Activity –
Using the entries that follow, write out the line containing "カステリの透湿性の高い製品に", the line containing "A menos de 10", and every line between them, exactly and nothing else.

Recorded information –
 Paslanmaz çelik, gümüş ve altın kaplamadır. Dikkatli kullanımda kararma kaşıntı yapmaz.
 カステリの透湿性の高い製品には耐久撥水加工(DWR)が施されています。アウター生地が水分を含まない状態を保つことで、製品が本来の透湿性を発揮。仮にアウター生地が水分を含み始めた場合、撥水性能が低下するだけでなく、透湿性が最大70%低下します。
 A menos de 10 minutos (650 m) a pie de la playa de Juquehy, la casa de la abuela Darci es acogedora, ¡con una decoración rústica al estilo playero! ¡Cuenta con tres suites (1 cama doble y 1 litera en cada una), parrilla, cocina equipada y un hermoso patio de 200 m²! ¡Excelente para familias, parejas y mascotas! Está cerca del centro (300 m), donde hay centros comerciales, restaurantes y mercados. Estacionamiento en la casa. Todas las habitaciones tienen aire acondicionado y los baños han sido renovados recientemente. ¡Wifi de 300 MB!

* * *

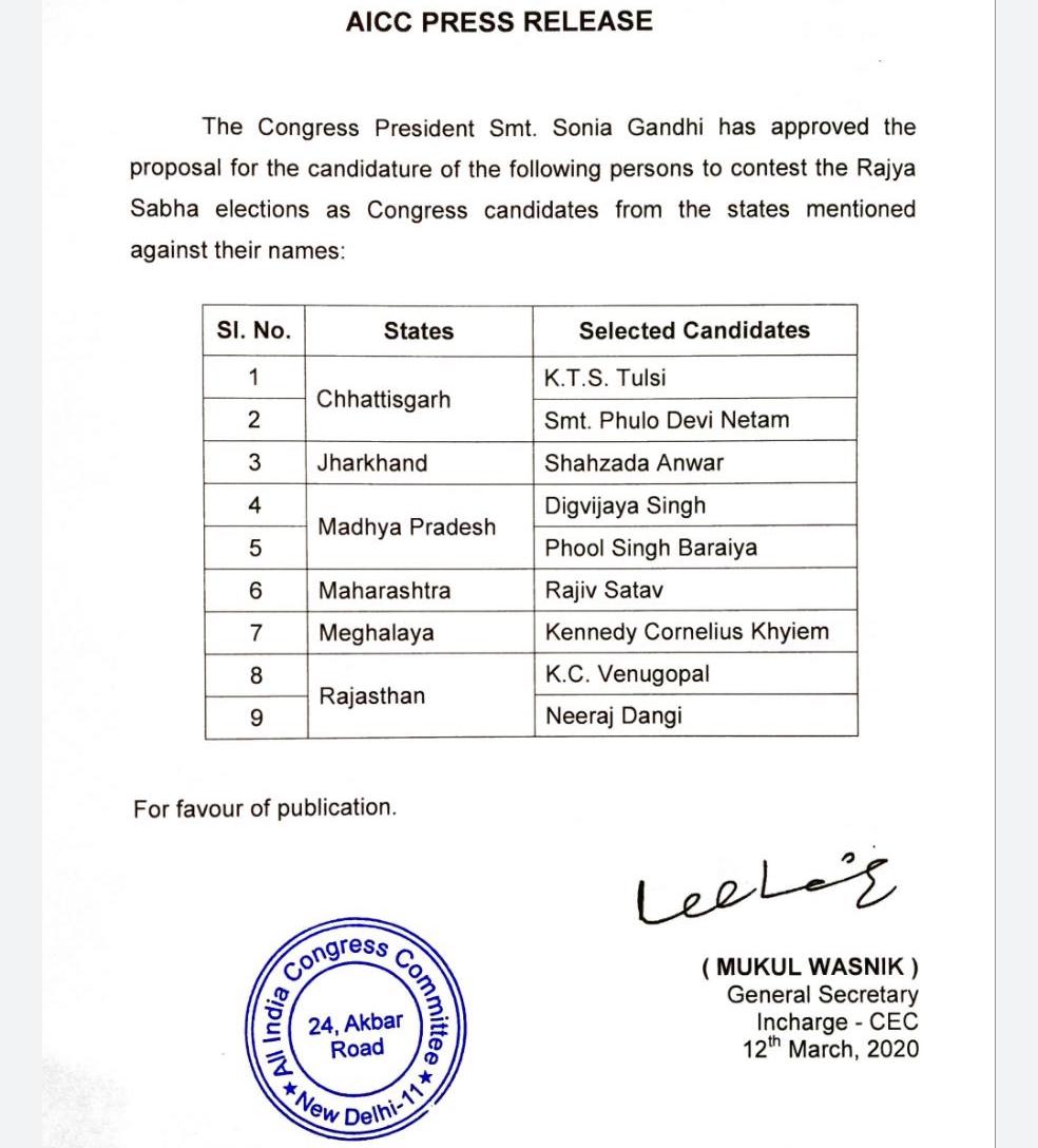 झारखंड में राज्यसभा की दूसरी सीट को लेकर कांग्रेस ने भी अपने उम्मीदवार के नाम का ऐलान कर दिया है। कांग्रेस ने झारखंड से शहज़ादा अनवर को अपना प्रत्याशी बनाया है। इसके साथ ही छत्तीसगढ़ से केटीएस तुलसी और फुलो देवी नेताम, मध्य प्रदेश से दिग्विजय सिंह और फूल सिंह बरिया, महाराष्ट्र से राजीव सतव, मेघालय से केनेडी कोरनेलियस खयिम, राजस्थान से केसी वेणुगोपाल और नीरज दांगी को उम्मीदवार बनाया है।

Written solution –
 カステリの透湿性の高い製品には耐久撥水加工(DWR)が施されています。アウター生地が水分を含まない状態を保つことで、製品が本来の透湿性を発揮。仮にアウター生地が水分を含み始めた場合、撥水性能が低下するだけでなく、透湿性が最大70%低下します。
 A menos de 10 minutos (650 m) a pie de la playa de Juquehy, la casa de la abuela Darci es acogedora, ¡con una decoración rústica al estilo playero! ¡Cuenta con tres suites (1 cama doble y 1 litera en cada una), parrilla, cocina equipada y un hermoso patio de 200 m²! ¡Excelente para familias, parejas y mascotas! Está cerca del centro (300 m), donde hay centros comerciales, restaurantes y mercados. Estacionamiento en la casa. Todas las habitaciones tienen aire acondicionado y los baños han sido renovados recientemente. ¡Wifi de 300 MB!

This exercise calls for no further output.